**** RECORDS TO USE

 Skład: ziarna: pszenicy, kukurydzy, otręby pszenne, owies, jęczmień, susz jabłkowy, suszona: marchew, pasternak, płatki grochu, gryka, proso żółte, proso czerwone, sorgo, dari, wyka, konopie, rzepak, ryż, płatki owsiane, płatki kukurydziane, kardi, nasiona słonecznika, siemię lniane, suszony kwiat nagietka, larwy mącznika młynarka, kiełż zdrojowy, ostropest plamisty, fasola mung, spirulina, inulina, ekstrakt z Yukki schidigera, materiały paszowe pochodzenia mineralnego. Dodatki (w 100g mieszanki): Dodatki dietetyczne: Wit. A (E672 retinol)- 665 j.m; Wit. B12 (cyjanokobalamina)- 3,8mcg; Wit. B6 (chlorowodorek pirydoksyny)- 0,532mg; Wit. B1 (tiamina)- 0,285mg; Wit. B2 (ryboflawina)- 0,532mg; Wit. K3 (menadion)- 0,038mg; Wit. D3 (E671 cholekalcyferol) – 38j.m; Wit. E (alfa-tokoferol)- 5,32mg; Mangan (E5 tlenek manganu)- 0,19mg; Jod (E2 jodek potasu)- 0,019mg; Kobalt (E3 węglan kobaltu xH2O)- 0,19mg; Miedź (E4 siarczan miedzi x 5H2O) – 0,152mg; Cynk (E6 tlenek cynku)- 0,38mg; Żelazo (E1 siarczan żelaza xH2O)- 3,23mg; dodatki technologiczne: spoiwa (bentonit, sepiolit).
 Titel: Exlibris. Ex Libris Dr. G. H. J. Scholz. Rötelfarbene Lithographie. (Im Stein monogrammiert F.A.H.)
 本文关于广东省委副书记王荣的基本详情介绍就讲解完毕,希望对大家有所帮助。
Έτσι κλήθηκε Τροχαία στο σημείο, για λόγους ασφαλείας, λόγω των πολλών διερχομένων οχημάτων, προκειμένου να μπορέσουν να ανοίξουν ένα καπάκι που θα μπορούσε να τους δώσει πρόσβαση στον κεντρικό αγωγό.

********
**** RECORDS TO USE

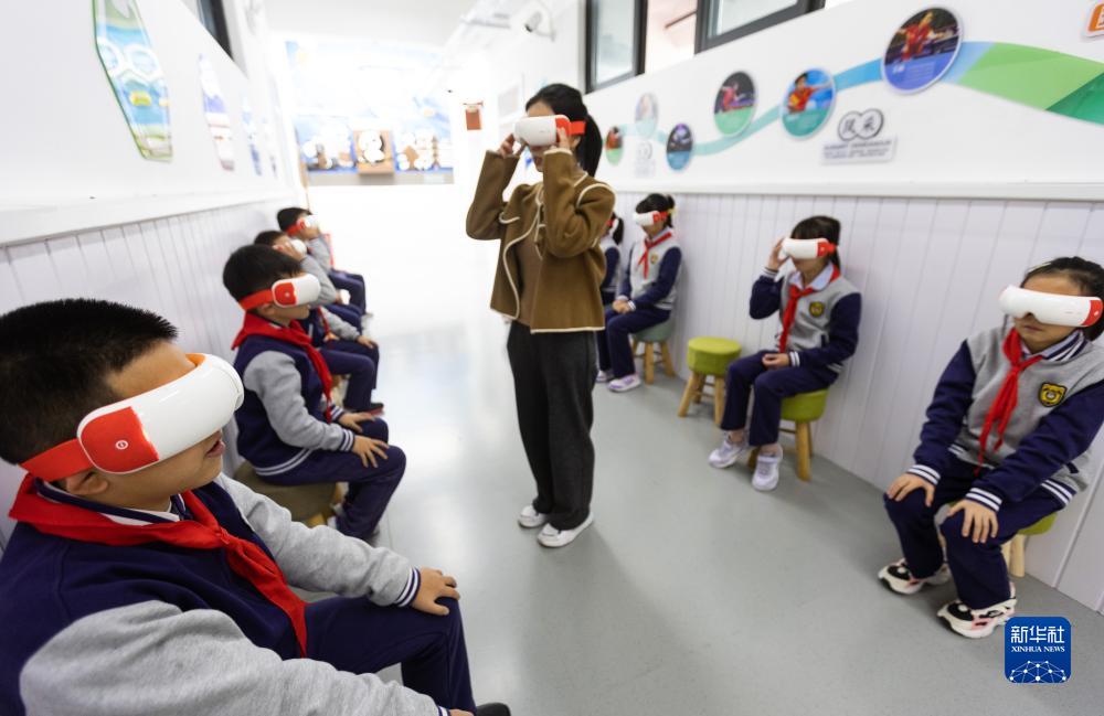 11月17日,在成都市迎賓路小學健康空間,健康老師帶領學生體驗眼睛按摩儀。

********

Set down precisely the lines above between the line holding "Skład: ziarna: pszenicy, kukurydzy, otręby" and the line holding "Έτσι κλήθηκε Τροχαία", inclusive, and nothing beyond them.

RESPONSE TO THIS TASK:
 Skład: ziarna: pszenicy, kukurydzy, otręby pszenne, owies, jęczmień, susz jabłkowy, suszona: marchew, pasternak, płatki grochu, gryka, proso żółte, proso czerwone, sorgo, dari, wyka, konopie, rzepak, ryż, płatki owsiane, płatki kukurydziane, kardi, nasiona słonecznika, siemię lniane, suszony kwiat nagietka, larwy mącznika młynarka, kiełż zdrojowy, ostropest plamisty, fasola mung, spirulina, inulina, ekstrakt z Yukki schidigera, materiały paszowe pochodzenia mineralnego. Dodatki (w 100g mieszanki): Dodatki dietetyczne: Wit. A (E672 retinol)- 665 j.m; Wit. B12 (cyjanokobalamina)- 3,8mcg; Wit. B6 (chlorowodorek pirydoksyny)- 0,532mg; Wit. B1 (tiamina)- 0,285mg; Wit. B2 (ryboflawina)- 0,532mg; Wit. K3 (menadion)- 0,038mg; Wit. D3 (E671 cholekalcyferol) – 38j.m; Wit. E (alfa-tokoferol)- 5,32mg; Mangan (E5 tlenek manganu)- 0,19mg; Jod (E2 jodek potasu)- 0,019mg; Kobalt (E3 węglan kobaltu xH2O)- 0,19mg; Miedź (E4 siarczan miedzi x 5H2O) – 0,152mg; Cynk (E6 tlenek cynku)- 0,38mg; Żelazo (E1 siarczan żelaza xH2O)- 3,23mg; dodatki technologiczne: spoiwa (bentonit, sepiolit).
 Titel: Exlibris. Ex Libris Dr. G. H. J. Scholz. Rötelfarbene Lithographie. (Im Stein monogrammiert F.A.H.)
 本文关于广东省委副书记王荣的基本详情介绍就讲解完毕,希望对大家有所帮助。
Έτσι κλήθηκε Τροχαία στο σημείο, για λόγους ασφαλείας, λόγω των πολλών διερχομένων οχημάτων, προκειμένου να μπορέσουν να ανοίξουν ένα καπάκι που θα μπορούσε να τους δώσει πρόσβαση στον κεντρικό αγωγό.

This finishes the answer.